You're right I was not able to reboot my machine with 'hard'. So I changed my fstab to 'soft'.

According to nfs (5) man:

soft - an NFS file operation has a major timeout then report an I/O error to the calling program.

But it doesn't tell you exactly how much take a 'major timeout' - is it 15 seconds or 2 minutes?, moreover it doesn't seems to be adjustable.

----------

## drescherjm

There are  timeo=n and retrans=n 

There is also retry=n

 *Quote:*   

> The  number of minutes that the mount(8) command retries
> 
>  an NFS mount operation in the foreground  or  background
> 
>  before  giving up.  If this option is not specified, the
> ...

 

To me it looks like retry is the only one you need. Although its resolution is in minutes.

----------

## Plague.CZ

Ummm, have you read the link?

 *Quote:*   

> timeo=n
> 
> This sets the time (in tenths of a second) the NFS client will wait for a request to complete. The default value is 7 (0.7 seconds). What happens after a timeout depends on whether you use the hard or soft option.

 

Because I used this (set to 30) on my machine...

----------

## phoenix_me

 *Plague.CZ wrote:*   

> Ummm, have you read the link?
> 
>  *Quote:*   timeo=n
> 
> This sets the time (in tenths of a second) the NFS client will wait for a request to complete. The default value is 7 (0.7 seconds). What happens after a timeout depends on whether you use the hard or soft option. 
> ...

 

I was reading this - but my understanding of "wait for a request to complete" was - wait if read/write request was sent (after mount was completed), and not a mount/umount command.

My networh shares take longer to mount than 0.7sec and I never have a timeout.
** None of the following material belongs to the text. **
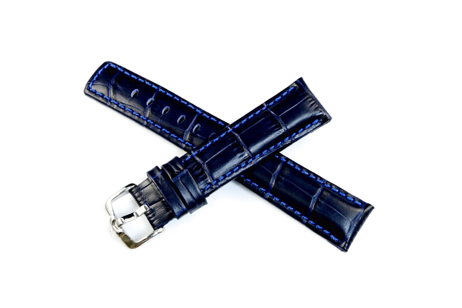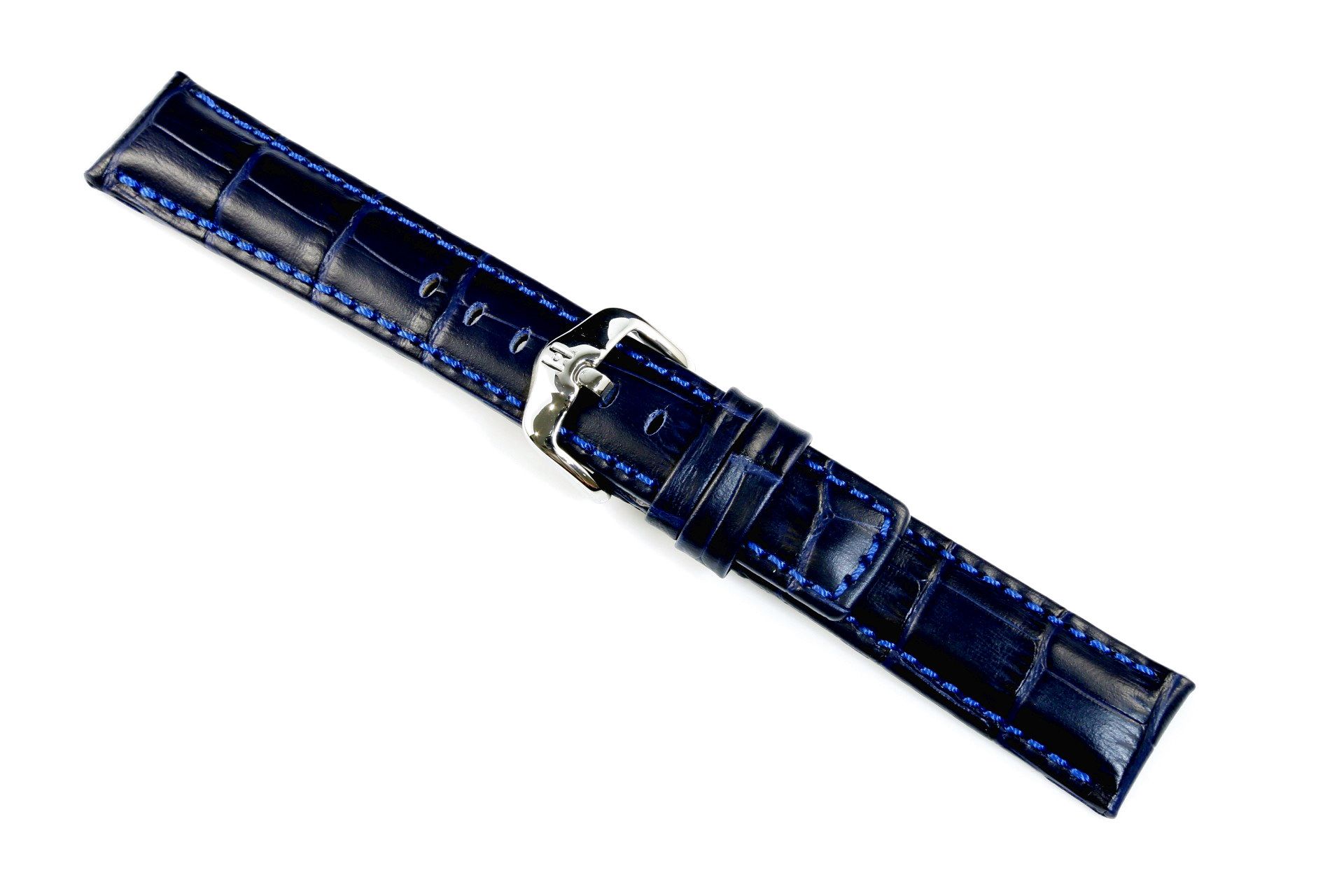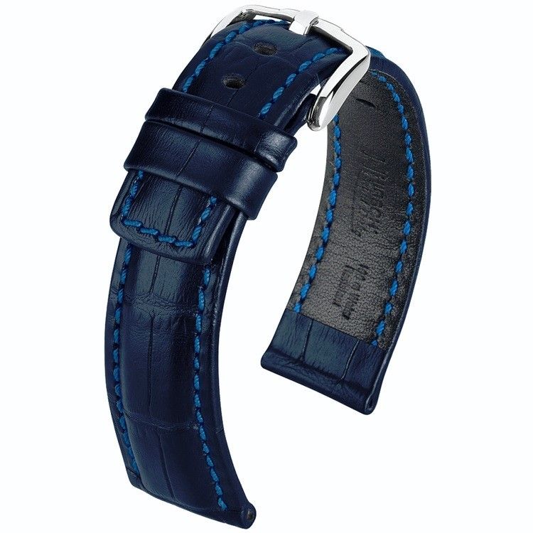 Mocny i dynamiczny niebieski pasek skórzany z lini HIRSCH Diving Glove lining leather emanuje sportowym charakterem i wykonany jest z najlepszej włoskiej  skóry cielęcej . Naturalnie wyglądającej półbłyszczącej w dwóch tonach powierzchni ze specjalnym przetłoczeniem oddającym rzeczywistą strukturę skóry Aligatora z Luisiany w prostokąne łuski ,wykonany ręcznie. Rozmiar 22 mm, klamerka w kolorze srebrnym , ceniona austriacka marka Hirsch. Grand Duke jako model  należy do rodziny produktów Exotic embosed leather i Hirsch 100 m Water-Resistant co umożliwia montaż do wodoszczelnych zegarków z ktorymi można pływać a nawet nurkować. Przeszyty nicią w kolorze paska lub kontrastowym dla podkreślenia silnego charakteru.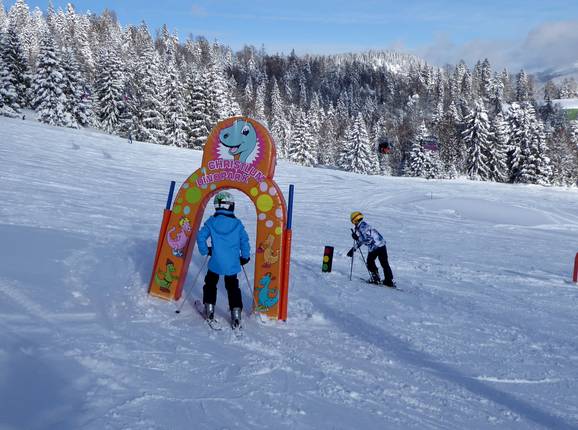 Beim Tellerlift DinoJet lernen die Kinder das Ski- und Liftfahren spielend.

So this proobably not for mount/umount commands.

----------

## phoenix_me

 *drescherjm wrote:*   

> There are  timeo=n and retrans=n 
> 
> There is also retry=n
> 
>  *Quote:*   The  number of minutes that the mount( command retries
> ...

 

It seems like you are right - probably I was skiped reading the description of this option because 'retry' match for me rather 'how many times' rather than 'how long'. 

I will try it - thanks.

----------

## phoenix_me

One more questions - little bit different but....

Gentoo (when booting) is waiting until nfs shares are mounted and then is executing the other init.d scripts, how can I mount nfs shares as bacground process?, so other init.d scripts can execute without waiting for nfs shares to be mounted.

----------

## drescherjm

rc_parallel="YES"

in your 

 /etc/rc.conf

Assuming you are using openrc and baselayout2

----------

## phoenix_me

 *drescherjm wrote:*   

> rc_parallel="YES"
> 
> in your 
> 
>  /etc/rc.conf
> ...

 

Thanks - I did a changes in rc.conf. I'll see the effect during next reboot.

----------